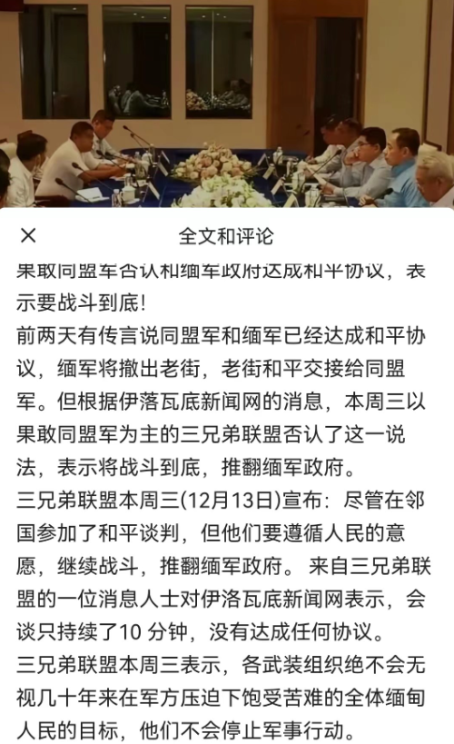 缅北地区的局势,对缅甸政府军相当不利,但是缅甸的谈判代表,死鸭子嘴硬,提出了一系列不合实际的要求。让果敢同盟军暂停进攻,而不说自己撤出老街城区,将会继续驻守大水塘和南天门。那些被联军攻破的据点,缅军要求归还,还有几座重要的要塞,也要归还。
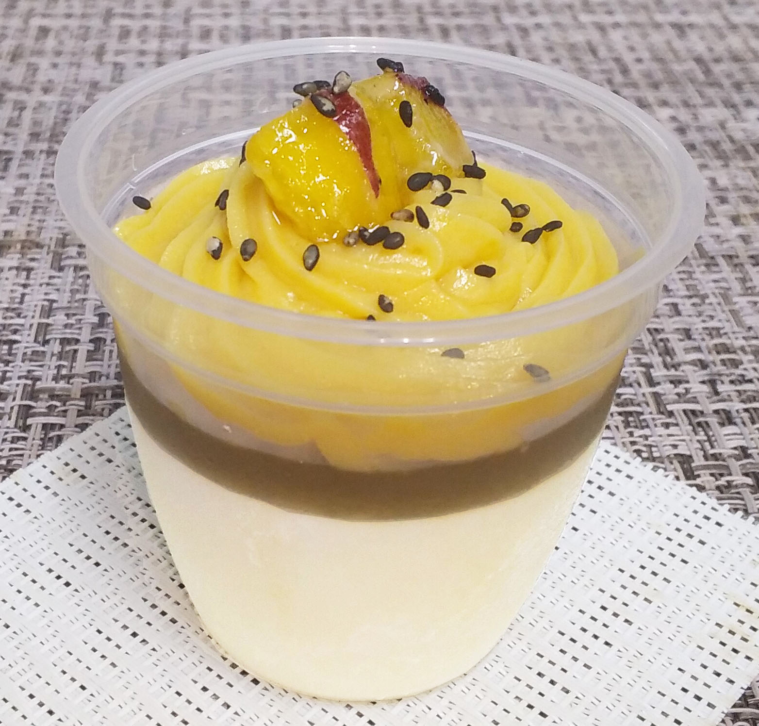 ◆ベースのミルクぷりんと、種子島産黒糖のジュレ、
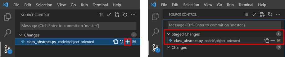 수정한 파일 옆의 + 버튼을 누르면 git add가 된다!
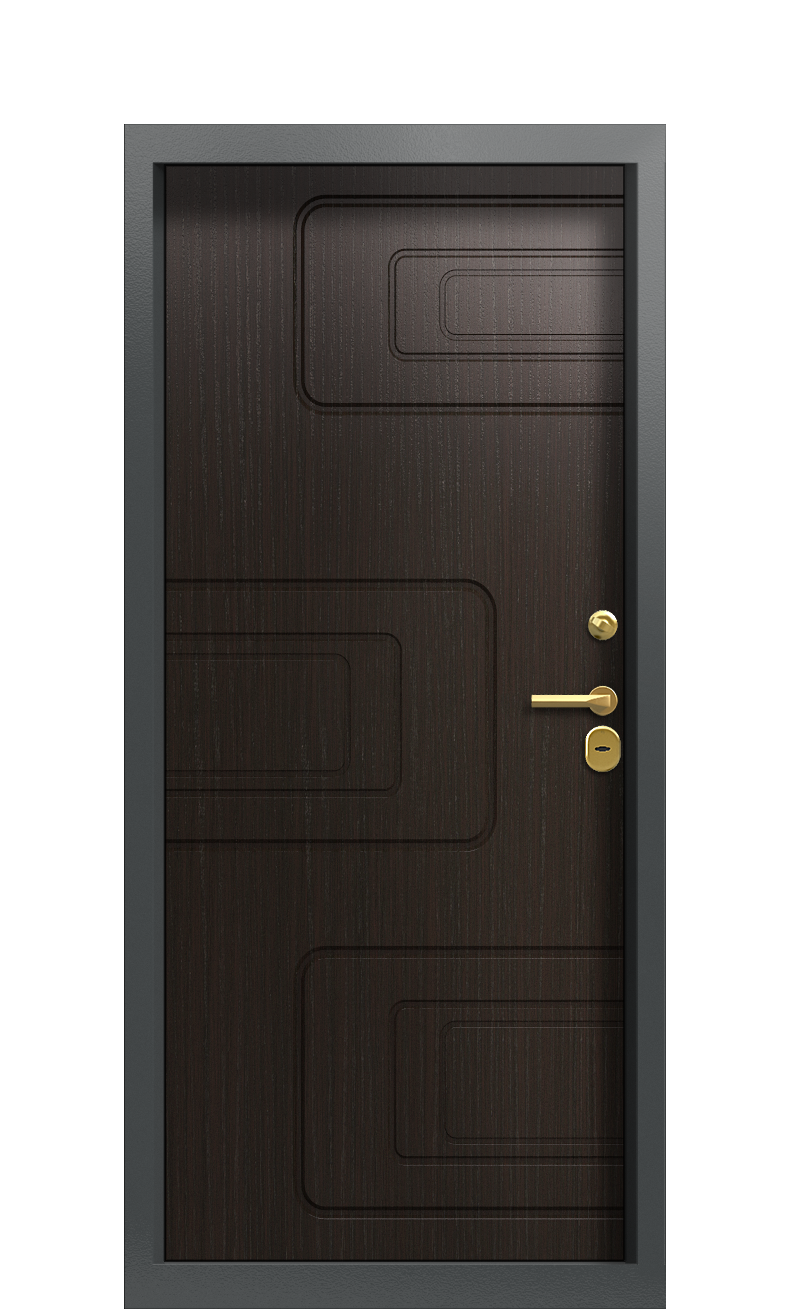 Если вы ищете входную группу, которая будет отличаться безупречным дизайном, премиальным качеством отделки и высоким классом безопасности, то обязательно обратите внимание на дверь TermoWood Ral 9005 Венге бонобо 1442, которая вряд ли оставит кого-то равнодушным. Получив эффектное черное окрашивание с фрезеровкой полотна и контрастирующей на его фоне золотой фурнитурой, это изделие способно сводить к нулю теплопотери в холодное время года.Этому способствует стальная основа изделия с 7 внутренними слоями трморазрыва, для обшивки которого использовалась премиальная МДФ-доска с ПВХ-пленкой. Обладая 3D-эффектом такое покрытие в точности передает дизайн изделия, попутно способствуя сохранности его базовых оттенков Ral 9005 Венге бонобо 1442.Еще один плюс – это замок Kale, который входная группа получила по умолчанию. Проверенный турецкий механизм делает дверь TermoWood Ral 9005 Венге бонобо 1442 по-настоящему выносливой и безопасной, что можно будет прочувствовать сразу после ее установки.
=-=-=
Quote, please, every line of the material above from its start through the line that has "수정한 파일 옆의 + 버튼을 누르면 git add가 된다!", reproducing the words exactly and dropping any images.

[Result for this task]
 缅北地区的局势,对缅甸政府军相当不利,但是缅甸的谈判代表,死鸭子嘴硬,提出了一系列不合实际的要求。让果敢同盟军暂停进攻,而不说自己撤出老街城区,将会继续驻守大水塘和南天门。那些被联军攻破的据点,缅军要求归还,还有几座重要的要塞,也要归还。
 ◆ベースのミルクぷりんと、種子島産黒糖のジュレ、
 수정한 파일 옆의 + 버튼을 누르면 git add가 된다!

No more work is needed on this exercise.